There is power to be found in KTM’s adjustable power valve. I added a Kreft PowerDial 2.0 so that I could spend time making every possible adjustment while on the track. I spent two hours doing laps in the days before the World Two-Stroke Championship. I stopped every lap and turned the dial counterclockwise for more hit and clockwise for a broader powerband. I made quarter-turn adjustments and was very thorough. In the first moto I turned it counterclockwise, but for the second moto, I switched it back in the stock position as the track had hardened up.

“I ADDED A KREFT POWERDIAL 2.0 SO THAT I COULD SPEND
TIME MAKING EVERY POSSIBLE ADJUSTMENT.”

Dennis in mid-flight with Richard Taylor (44) and Nick Schmidt (79) in pursuit at the 2018 MTA World Two-Stroke Championship.

Miscellaneous: Don’t let the Hinson clutch cover fool you. The cover was by Hinson, but the clutch was a stock diaphragm KTM clutch. It was bulletproof. With so much time on a KTM 450SXF, I felt fine with the stock Neken handlebars and ODI grips. I got spare Twin Air filters from the MXA workshop and changed them between motos. The one-off Stapo MX graphics were done by fellow MXA test rider Johnny Jelderda at Trinity Graphix.

I wanted to be on the podium, but would have been happy with a top five. In the end, I battled every inch on a track that sapped the energy of every rider on it. It had a fast start, followed immediately by a steep uphill, even steeper downhill and two power-robbing sand sections, with another up-and-down section separating them. I’m describing how tough the track was to ultimately say that I was thrilled to finish in the top 10.
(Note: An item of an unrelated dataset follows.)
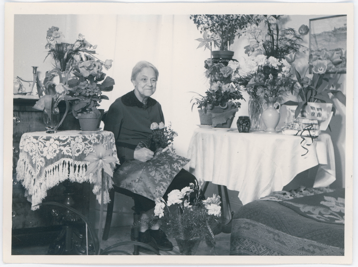 Porträtt på Gymnastikdirektör Wivi (Vivi) Wallgren 75 år, Jönköping. Dotter till Plåtslagare Hugo och Hanna Wallgren.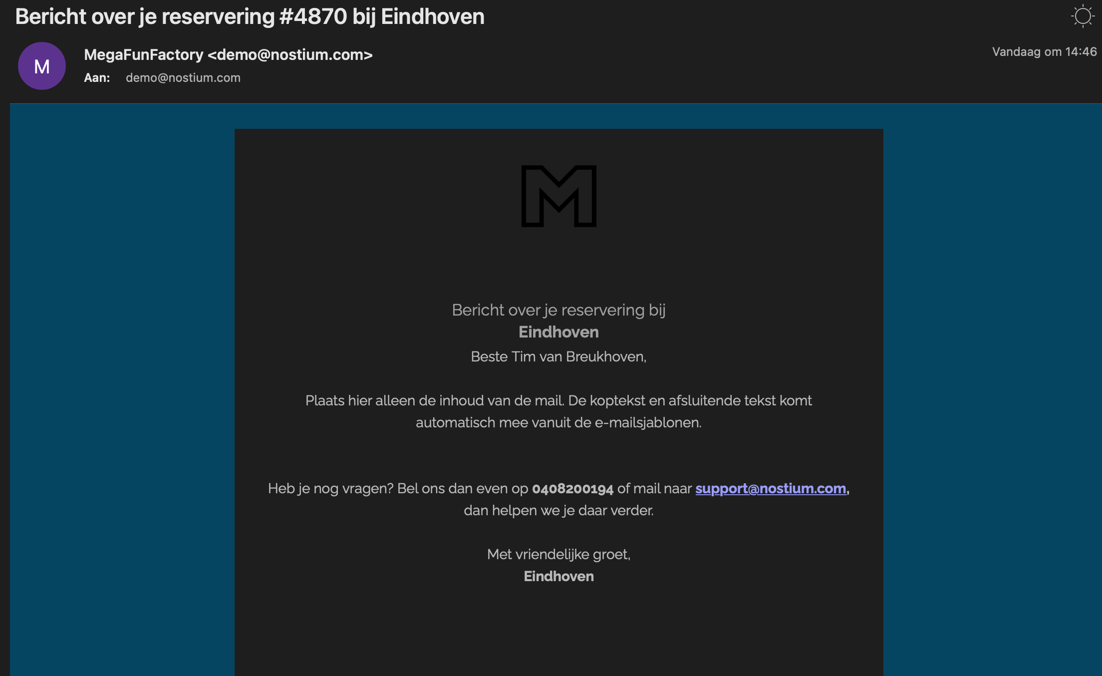 Het bericht wordt vervolgens in het “bericht aan gast” e-mail sjabloon in de volgende placeholder geplaatst:

2018 WORLD TWO-STROKE CHAMPIONSHIP RESULTS
1. Zach Bell (Hus)…1-1
2. Darryn Durham (Yam)…2-2
3. Talon Lafountaine (KTM)…4-3
4. Ryan Surratt (Hon)…3-6
5. Richard Taylor (Suz)…7-8
6. Dalton Shirey (Hus)…6-9
7. Dennis Stapleton (KTM)…9-11
8. Doug Dubach (Yam)…11-10
9. Justin Jones (Hon)…19-5
10. Beau Baron (Hon)…12-13
Other Notables: 11. Brian Medeiros (KTM); 14. Nick Schmidt (Yam); 17. Arik Swan (Hon); 18. Sean Lipanovich (Hon); 22. Mike Brown (Hus); 24. Sean Borkenhagen (Kaw) 28. Chris Fillmore (KTM).